= World Youth Movement for Democracy =

The World Youth Movement for Democracy (WYMD) was created in 2004 at the Third Assembly of the World Movement in Durban South Africa by an international body of young democracy and human rights activists. WYMD is a branch of the World Movement for Democracy, and it retains the organization's core values such as the belief in a broad-based democracy that adapts itself to different cultures. WYMD promotes a set of values, including rule of law, human rights, and free media, in all societies, and it works to create these values in some countries and strengthen them in others. In addition, the Youth Movement has several more specific, youth related purposes. It serves as a means for youth activists to come together to share ideas, network, and collaborate on projects, which helps further their knowledge of democracy issues and provides them with a practical skill set.

==Structure==
The Youth Movement is led by a steering committee that is composed of no more than 10 members at a time who represent the regions of the Americas, Europe, Africa, Asia, and the Middle East. Committee members are elected for a two-year term by members of WYMD. The Secretariat also works to coordinate meetings with members and reach out to new members.

==Current projects==
The stated aim of the World Youth Movement's programs is to increase knowledge of democratic ideals, collaboration among other youth organizations, and development of international solidarity networks that support youth in adverse circumstances. The World Movement for Democracy's activities include hosting democracy-related essay and photo contest, a regular newsletter, a fellowship program, and regular, online discussion panel webinars on youth-related topics.

The World Movement for Democracy hosts a general youth assembly for its members, which takes place during the biannual World Movement for Democracy Global Assembly. The World Youth Assembly is organized in two parts: a session devoted to a democracy issue of high relevance to youth and a session devoted to the organization developmentof the World Youth Movement.
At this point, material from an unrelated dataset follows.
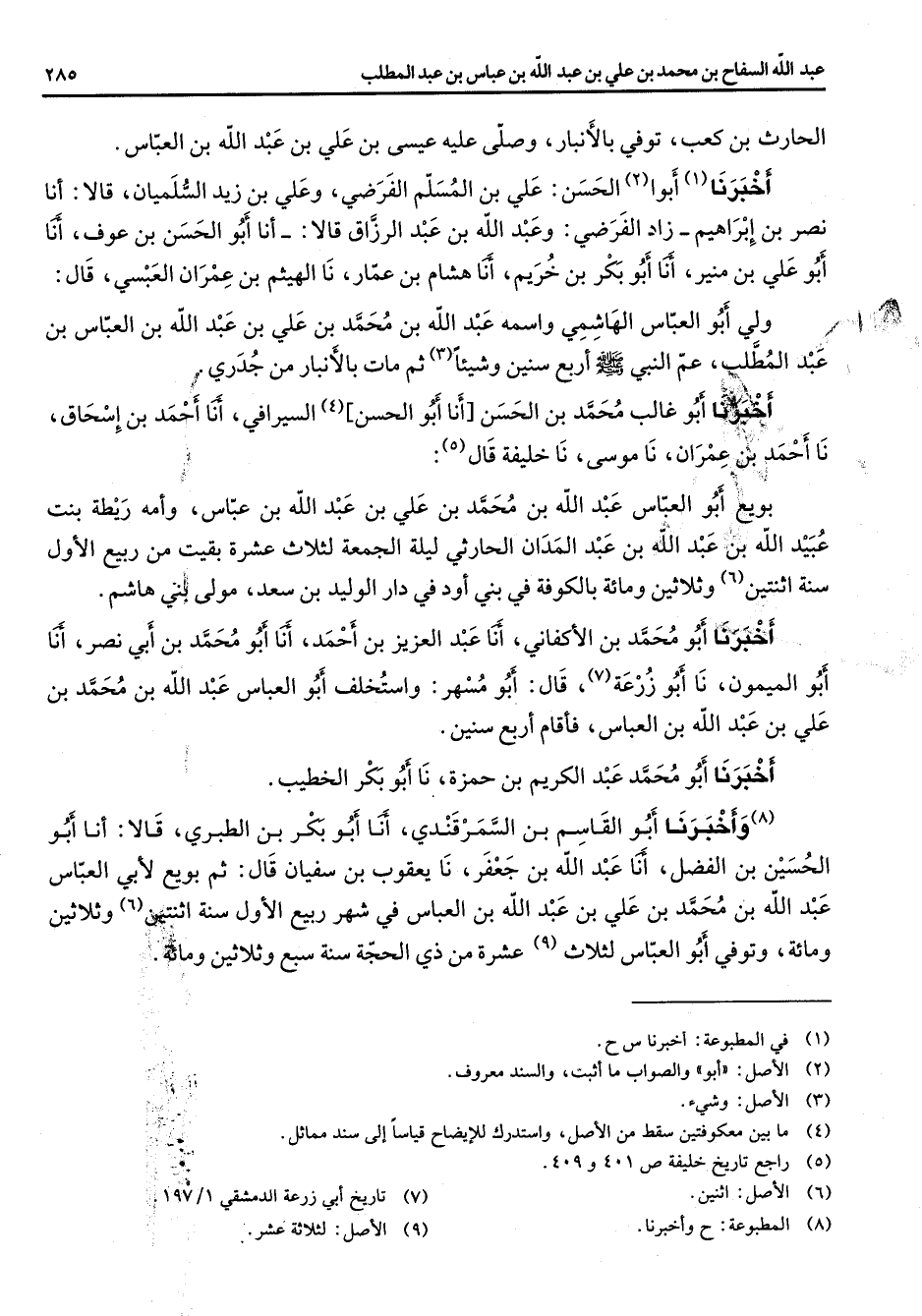 الحارث بن كعب توفي بالأنبار وصلى عليه عيسى بن علي بن عبد الله بن العباس أخبرنا (1) أبو الحسن (2) علي بن المسلم الفرضي وعلي بن زيد السلميان قالا أنا نصر بن إبراهيم زاد الفرضي وعبد الله بن عبد الرزاق قالا أنا أبو الحسن بن عوف أنا أبو علي بن منير أنا أبو بكر بن خريم أنا هشام بن عمار نا الهيثم بن عمران العبسي قال ولي أبو العباس الهاشمي واسمه عبد الله بن محمد بن علي بن عبد الله بن العباس بن عبد المطلب عم النبي (صلى الله عليه وسلم) أربع سنين وشيئا (3) ثم مات بالأنبار من جدري أخبرنا أبو غالب محمد بن الحسن أنا أبو الحسن (4) السيرافي أنا احمد بن إسحاق نا احمد بن عمران نا موسى نا خليفة قال (5) بويع العباس عبد الله بن محمد بن علي بن عبد الله بن عباس وأمه ريطة بنت عبيد الله بن عبد الله بن عبد المدان الحارثي ليلة الجمعة لثلاث عشرة بقيت من ربيع الأول سنة اثنتين (6) وثلاثين ومائة بالكوفة في بني اود في دار الوليد بن سعد مولى بني هاشم أخبرنا أبو محمد الأكفاني أنا عبد العزيز بن احمد أنا أبو محمد بن أبي نصر أنا أبو الميمون نا أبو زرعة (7) قال أبو مسهر واستخلف أبو العباس عبد الله بن محمد بن علي بن عبد الله بن العباس فأقام أربع سنين أخبرنا أبو محمد عبد الكريم بن حمزة نا أبو بكر الخطيب (8) وأخبرنا أبو القاسم بن السمرقندي أنا أبو بكر بن الطبري قالا أنا أبو الحسين بن الفضل أنا عبد الله بن جعفر نا يعقوب بن سفيان قال ثم بويع لأبي العباس عبد الله بن محمد بن علي بن عبد الله بن العباس في شهر ربيع الأول سنة اثنتين وثلاثين ومائة وتوفي أبو العباس لثلاث (9) عشرة من ذي الحجة سنة سبع وثلاثين ومائة

Every year on October 18, the World Youth Movement for Democracy commemorates the World Youth Day for Democracy, a day when “young democracy supporters celebrate their role in fighting for and strengthening democracy.” In past years, WYMD-network youth organizations around the world have celebrated the day by hosting meetings and events, volunteer, creating art, and otherwise coming out in support of human rights and democratic principles.